# Water testing kit strips



## mlgt (14 Jul 2009)

I was wondering how I am meant to read these. I got a few strips from a friend and he said just google the results....

Anyways, I was thinking if members could post pics of their test results from strip kits.

This can give me an indication and something to compare with.

Else should I just go and buy a test kit that comes with test tube type aparatus?


----------



## ceg4048 (14 Jul 2009)

Hi,
    I've got a better idea: why not just throw them away or give them back to your friend? Test strips are among the least accurate of all test kits. Most folks here have learned not to use test kits in general and not to trust test strips in particular. You have to think about what it is that you are trying to accomplish with these kits and whether they actually help you. In most cases you can deduce the situation in the tank simply by looking at your plants. Test kits are also very much advocated by those who think nutrients cause algae so their use is generally a bad combination of inaccuracy and misinformation. This usually leads to algal blooms.

Cheers,


----------



## mlgt (15 Jul 2009)

Thanks for the reply.

I was just told to give an update on my water parameters and he just gave me a few strips to see and record the info thats all.

I agree on the fact by looking at plants gives me an idea on how the tank is going, however I have only started planting the last 2 months and just recently upgraded to a 180l tank in which I think possibly the lights need chaning.

But I will learn along the way.

R


----------



## aaronnorth (15 Jul 2009)

there isnt really much need for them once a tank is establishes.
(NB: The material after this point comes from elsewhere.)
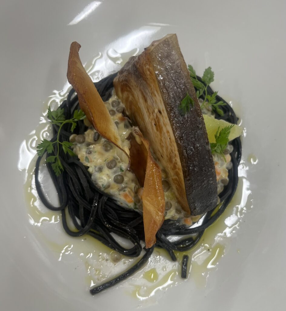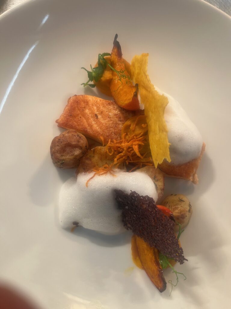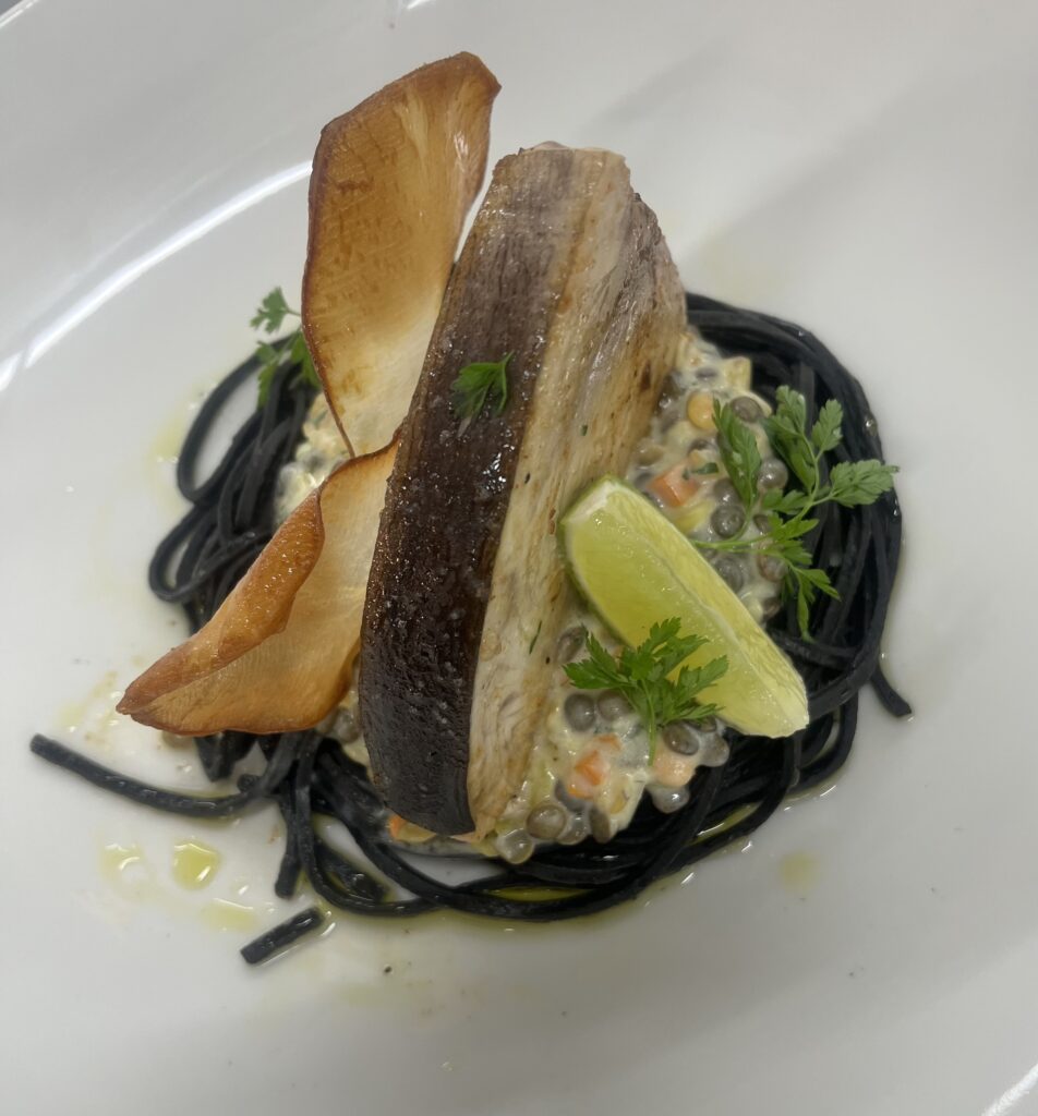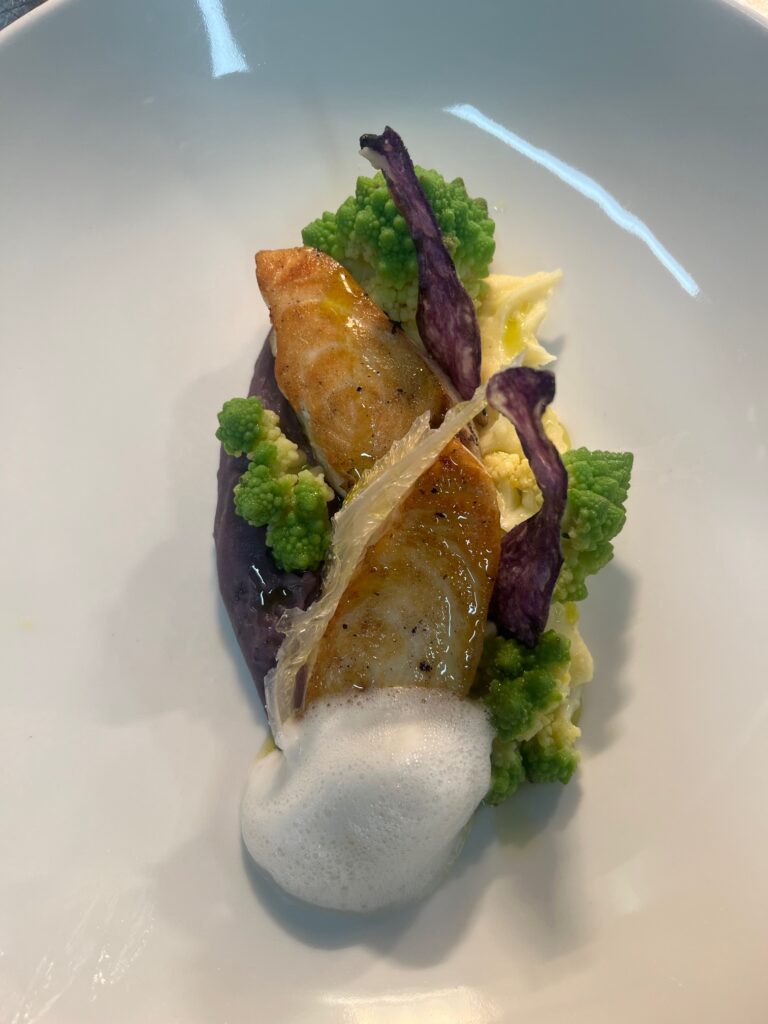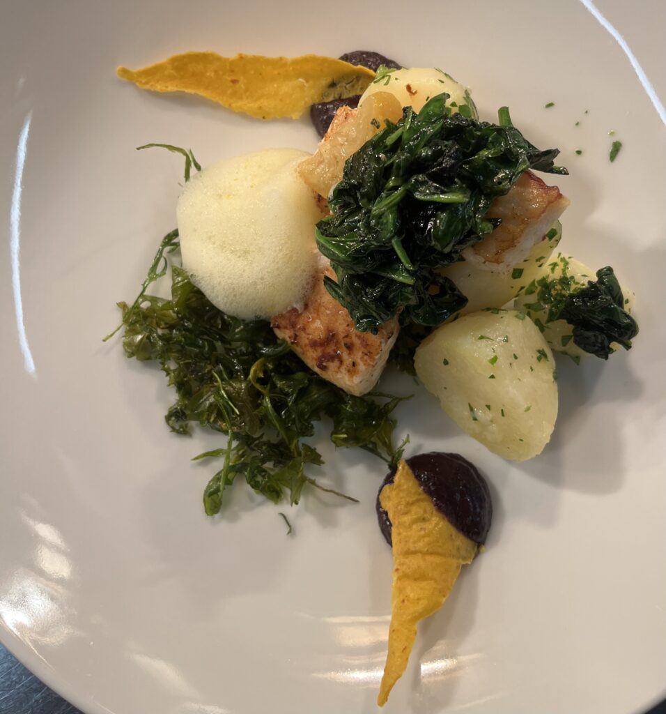 - Präsentation: Fisch auf Püree, Microgreens als Akzent

Any ammonia produced, even whats undectable to a test kit, you will know about because you will probably get an algal bloom, so you can always do a waterchange to help.


----------



## ceg4048 (15 Jul 2009)

mlgt said:
			
		

> Thanks for the reply.
> 
> I was just told to give an update on my water parameters and he just gave me a few strips to see and record the info thats all.
> 
> ...


Well, maybe it would be better to give us an idea of what problem you're having and the context under which the person asked you to perform a test. There may be a good reason, and there may be a way of determining the information other than via the test strip.

There are only 2 real reasons that lights absolutely _need_ to be replaced:
1. When the light switch is selected to the ON position the light bulb does not illuminate.
2. You prefer a different color light bulb for aesthetic purposes.

Again, we really need to understand the context in which you feel these actions need to be performed. Are you experiencing some difficulty with plant growth? Did someone advise you to perform a test or to change your bulb as a result of this difficulty? This is my immediate suspicion. If this indeed is the case, then I can categorically tell you that in both cases the answer is no, you don't need to do any of these actions, but you may need to perform other, more effective actions. Could you elaborate a bit more?

Cheers,


----------